The appellate ruling upheld the 2008 conviction of Army Staff Sgt. Ivan Goings on charges of indecency after a video was found in his off-base home showing him and another man having consensual sex with a German woman.
The tape was found while Goings was being investigated for the date rape of another woman, for which he was also convicted.
The judges in the majority held that the “indecent act” of letting a third party watch and record consensual sex was prejudicial to good order and discipline and discrediting to the military.
But Judge Scott Stucky dissented, noting there was no evidence that the video was meant for anything other than private use and, more importantly, that the majority ruling could be interpreted as applying to the recording of any sex act, even between two people.
The Supreme Court has asserted a basic right to privacy in sex-related matters back to the 1920s, most recently in 2003, when it struck down a Texas law barring consensual sodomy, defined as oral or anal sex.

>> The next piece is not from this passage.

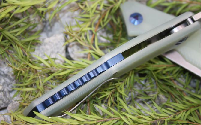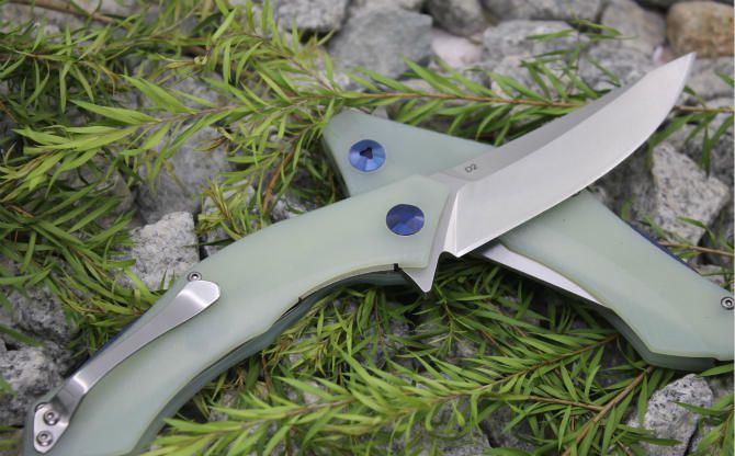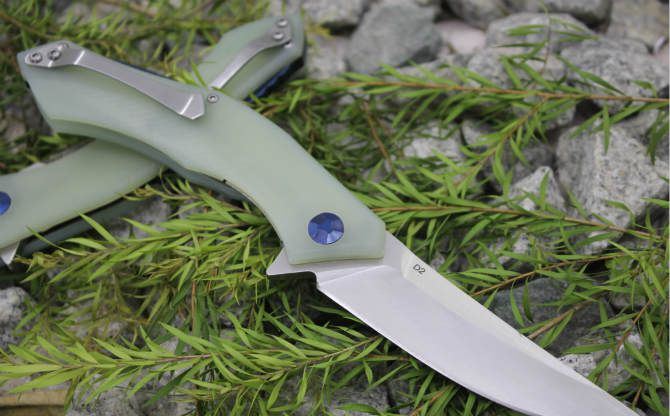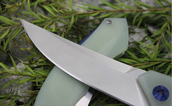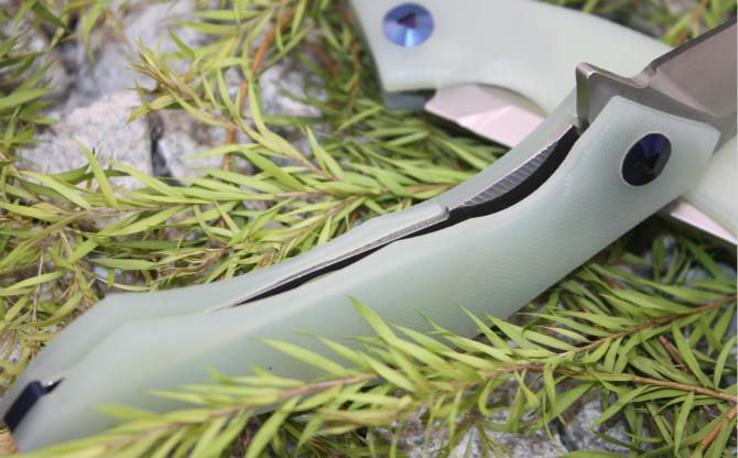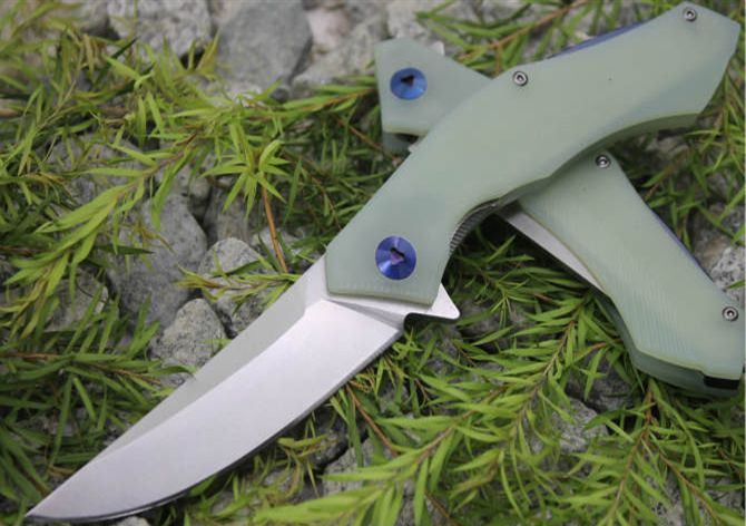 熊头蓝月弯刀浅绿色 全 长:220mm 刃 长:90mm 柄 长:130mm 刃 宽:26mm 刃 厚:4.0mm 刃 材:D2(深冷处理) 重 量:220g 硬 度:58-60HRC 表 面:沙光拉丝 柄 材:浅绿色G10柄 刀 夹:全钢 锁 型:分体组合锁杆式线锁 螺 丝:所有螺丝420不锈钢硬度HRC45,全CNC精雕加工 结 构:一体线锁。陶瓷定位珠,内置平面滚针轴承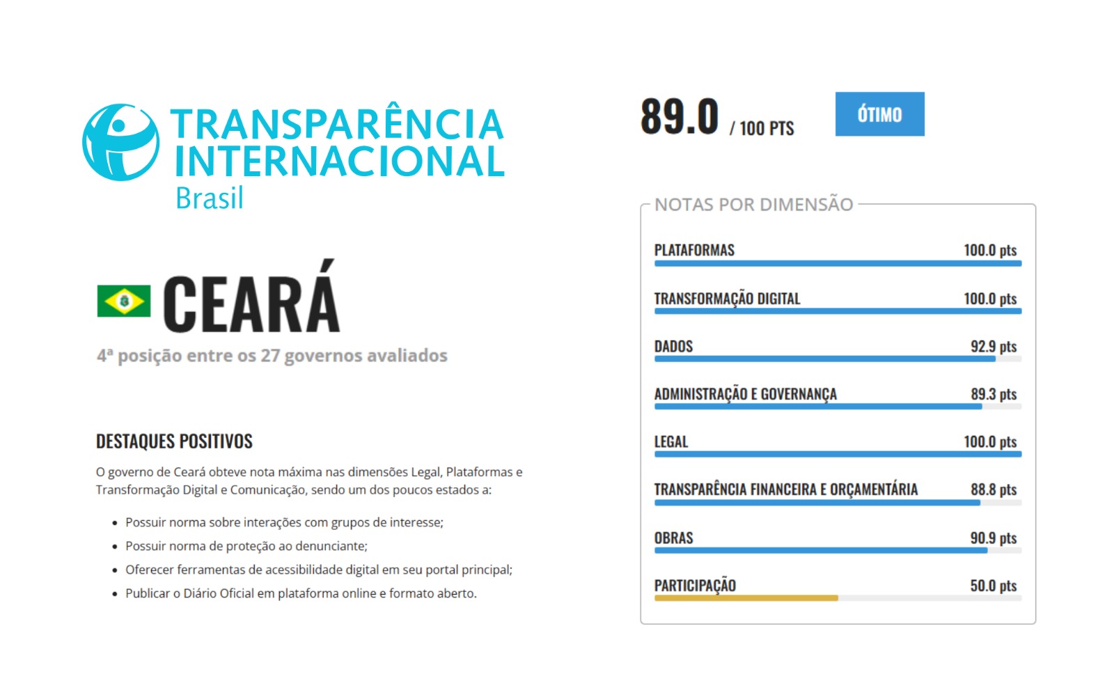 O Ceará conquistou a 4ª colocação nacional no Índice de Transparência e Governança Pública (ITGP) 2025, elaborado pela Transparência Internacional Brasil. O Estado somou 89 pontos de um total de 100 possíveis, desempenho que garantiu a classificação na categoria “Ótimo”.

Yet Article 125 of the UCMJ still bans sodomy.That’s right: It is still technically illegal for married troops to have oral sex with their spouses. And while it is now OK for gays to serve openly in the military, it is still technically illegal for them to have sex.
Clearly, the military has a compelling interest in prosecuting violent, nonconsensual sex acts such as rape, assault and abuse, as well as acts that cross into fraternization between superiors and subordinates.
But the military and the UCMJ have no place governing the private, consensual activity of service members. It’s past time for Congress to amend these laws.